START COLLECTED DATA

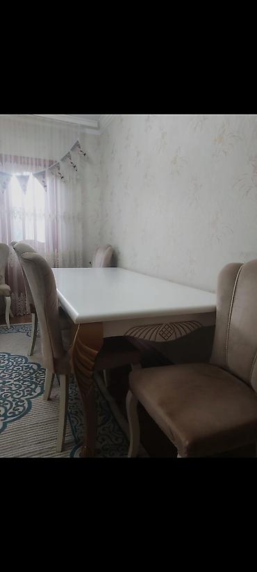- 6 ədəd yumşaq oturacaqlı stul (bej rəng, arxası relyefli).
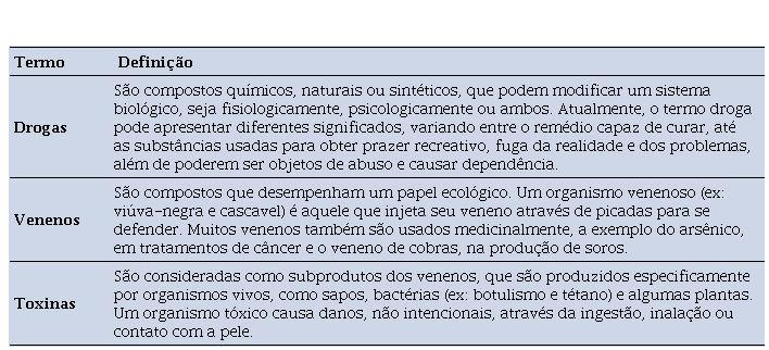 Para a identificação de passagens de textos referentes ao tema das drogas, buscou-se a definição do termo em Spencer (2012), no conteúdo de toxicologia forense, e em Lima (2013), em sua tese sobre educação em saúde e o uso de drogas. Durante a busca pelos conceitos contextuais, observou-se que alguns venenos, assim como as toxinas, podem desempenhar papel de droga a depender da dose e do contexto de aplicação da substância, assim como algumas drogas podem causar intoxicações ao organismo se administradas em doses elevadas. Por isso, consideramos pertinente incluir os descritores de drogas, venenos e toxinas. Tais definições foram organizadas no quadro 1, apresentado a seguir:
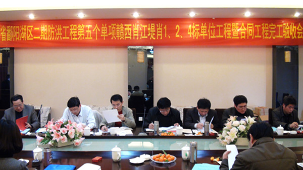 驗收會由江西省鄱陽湖區二期防洪工程第五個單項工程建設項目部副主任陶理志主持,建設項目部總工程師鄒軍賢、宜春市水利局劉啟明副局長、樟樹市水利局吳學輝、公司副總經理胡鴻煌等出席了驗收會。
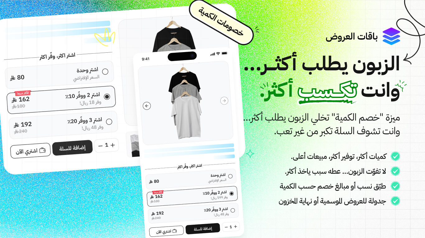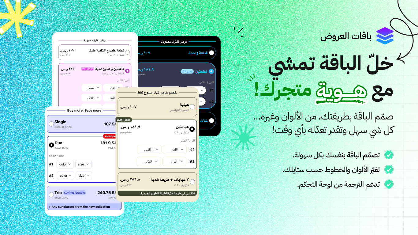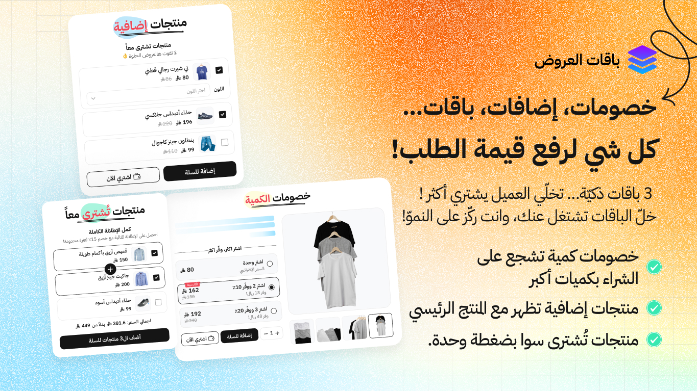 يستطيع التاجر أيضًا تحديد المنتجات أو الفئات التي تظهر عليها باقات العروض، مما يتيح ضبط تجربة البيع بدقة عالية ومرونة دون التقيّد بعرض شامل لكل المتجر.

END COLLECTED DATA

> [PROBLEM TO SOLVE] What is needed is an exact copy of each line from the top of the data above through the line containing "驗收會由江西省鄱陽湖區二期防", with no pictures.

> [REPLY]
- 6 ədəd yumşaq oturacaqlı stul (bej rəng, arxası relyefli).
 Para a identificação de passagens de textos referentes ao tema das drogas, buscou-se a definição do termo em Spencer (2012), no conteúdo de toxicologia forense, e em Lima (2013), em sua tese sobre educação em saúde e o uso de drogas. Durante a busca pelos conceitos contextuais, observou-se que alguns venenos, assim como as toxinas, podem desempenhar papel de droga a depender da dose e do contexto de aplicação da substância, assim como algumas drogas podem causar intoxicações ao organismo se administradas em doses elevadas. Por isso, consideramos pertinente incluir os descritores de drogas, venenos e toxinas. Tais definições foram organizadas no quadro 1, apresentado a seguir:
 驗收會由江西省鄱陽湖區二期防洪工程第五個單項工程建設項目部副主任陶理志主持,建設項目部總工程師鄒軍賢、宜春市水利局劉啟明副局長、樟樹市水利局吳學輝、公司副總經理胡鴻煌等出席了驗收會。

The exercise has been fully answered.